1. How do you tell if you are HIV positive?

A positive viral load test appears prior to the emergence of antibodies to HIV as measured by the ELISA test. Individuals who fear that they are recently infected should request an ELISA test and an HIV viral load test. Very early treatment may substantially prolong survival.

2. When do you start treatment with Highly Active Antiretroviral Therapy (HAART)?

• Immediately after infection, before or during seroconversion.
• When the CD4 count drops below 200. -- careful monitoring should begin when the CD4 count drops below 350.
• When the viral load rises above 55,000 -- careful monitoring should begin when the viral load rises above 30,000.

In newly infected patients, Drs. Walker and Rosenberg have shown that early intervention (prior to or during seroconversion) may preserve CD8-positive cytotoxic T-cells which will destroy HIV-infected cells.Nature 2000; 407:523.

Their Strategic Treatment Interruption (STI) Protocol is as follows:

• Treat for 8 - 12 months with 3 - 4 antiviral drugs (complete viral suppression) Then stop all antiretroviral treatment, but re-initiate treatment when viral load rebounds to 50,000 on a single measurement or remains at least 5,000 for three consecutive weeks. IDSA 2001 SIII (not abstracted).

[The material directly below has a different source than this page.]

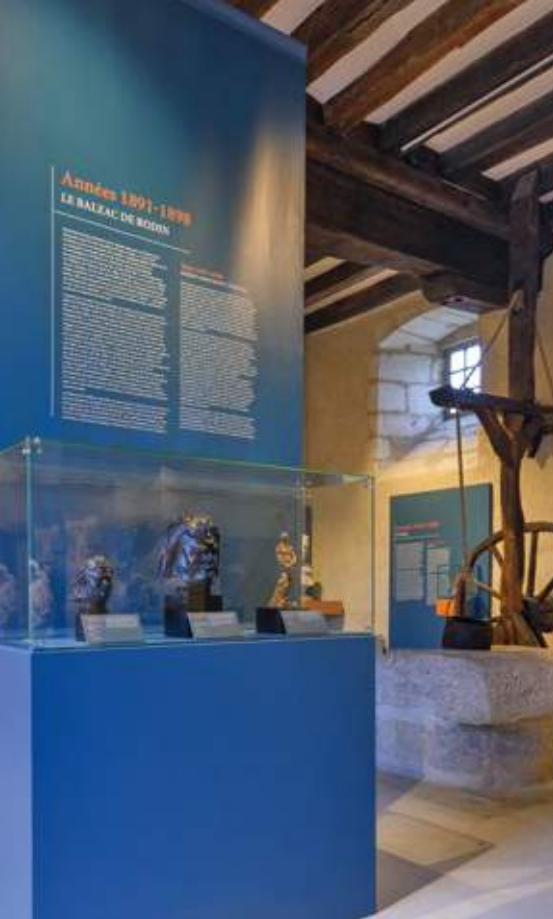
Vue de la salle Rodin avec des éditions en bronze d'études de têtes d'Auguste Rodin.

(2,75 m de haut). Présentée au Salon de 1898, l'œuvre reçoit un accueil très mitigé. La Société des gens de lettres estime que l'œuvre de Rodin ne ressemble pas assez à Balzac pour servir de monument à sa mémoire et refuse l'œuvre.

Viremia was successfully controlled in 1/2 of the patients with STI instituted in the first 90 days after infection. ICAAC 2001, I 1908.

3. What drugs do you start with if you are HIV positive?

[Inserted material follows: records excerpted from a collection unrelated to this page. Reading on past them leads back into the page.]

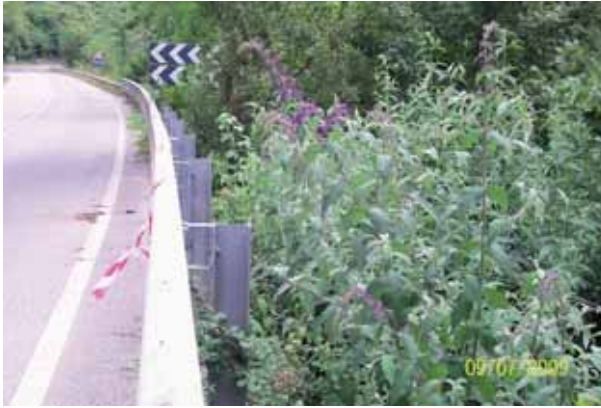
Foto 60 : Buddleja davidii creciendo al borde de la carretera N-625 pk 151.

Los resultados de la fumigación se consideran satisfactorios, ya que se ha logrado la muerte de los individuos tratados.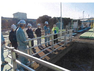
水処理施設の見学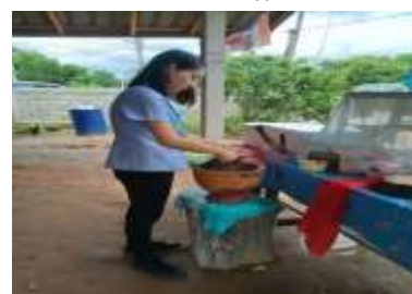
ออกตรวจประเมินสุขลักษณะของสถานที่จำหน่ายอาหาร แผงลอยจำหน่ายอาหาร การจัดระเบียบความสะอาด ความเป็นระเบียบเรียบร้อย ตามบทบัญญัติ “กฎกระทรวงสุขลักษณะของสถานที่จำหน่ายอาหาร พ.ศ. 2561” และตรวจสอบสารปนเปื้อนเชื้อโคลิฟอร์มแบคทีเรีย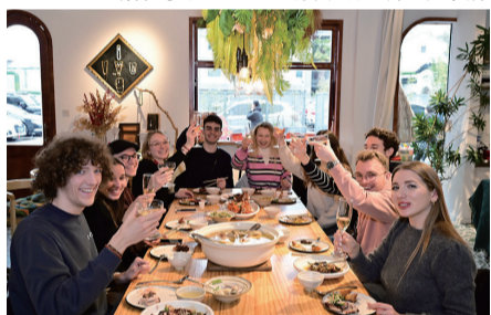
2024年2月，法国留学生在苏州过中国春节。

在美丽的“浪漫之都”法国巴黎，西南郊圣雷米·奥诺雷市隐藏着法国首座苏州园林怡黎园。由上世纪80年代中国留学生与苏州园林局合作设计建造。回廊、花墙、山石和飞檐，莫不展示出苏州园林的诗情

If you know who infected you, attempt to determine what drugs that individual was taking on the day you were infected.

Obtain a genotype and a phenotype or virtual phenotype to assess if you have been infected with a drug resistant virus. Phenotypic drug testing predicts long-term viral suppression. Journal of Infectious Disease 2001; 183:401.

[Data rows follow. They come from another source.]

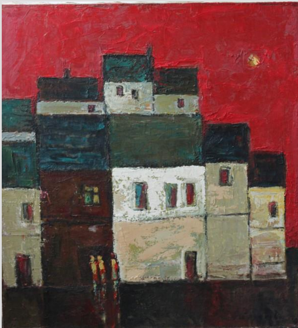
Володимир Остроухов Вечір. Прибалтика, 2007. Полотно, олія

В живописній техніці Остроухова чутно монументальний підхід, який оперує масами кольору і тону. Яскраві кольори і декоративізм знаходяться на межі нематеріального, що оперує до глядача і що ми бачимо в роботі «Вечір. Прибалтика»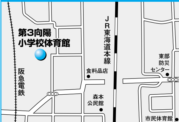
第7投票所 第3向陽小学校体育館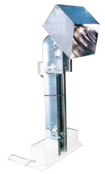
210 インバーションリフト ステンレス仕様 ●ILO ●荷重50kg

If you have recently been infected with a resistant virus from someone who is on medication, it will take 20 - 40 weeks for the virus to mutate to a wild strain genotype.

In the absence of this information, this reviewer feels the following data are helpful regarding treatment initiation:

Controversy exists as to whether you should use the strongest possible treatment as first line therapy or use a less powerful treatment and save stronger drugs if the initial drug treatment program fails. This reviewer feels we should treat for success, not for failure. A strong argument can also be made that the partially non-compliant patient will do better with a powerful treatment program rather than a weak treatment program. Recent data suggest that a protease-boosted protease such as Kaletra (for drug names see table below) or Ritonavir boosted Indinavir plus a backbone of two or three nucleoside reverse transcriptase inhibitors would achieve this goal. This reviewer is currently using Kaletra plus Abacavir twice a day.Satellite Presentation; Joseph Eron. ICAAC 2001. Not abstracted

In a long-term study of Indinavir, AZT, and 3TC in 33 patients, 58% have a viral load of 400 at 5 years and a CD4 count rise of 252 (mean). The good news is that there is a durable response to at least 5 years in half of the patients. The bad news is that half of the patients have failed, usually because of non-adherence to the treatment program. 2001(Buenos Aires), Abs 215.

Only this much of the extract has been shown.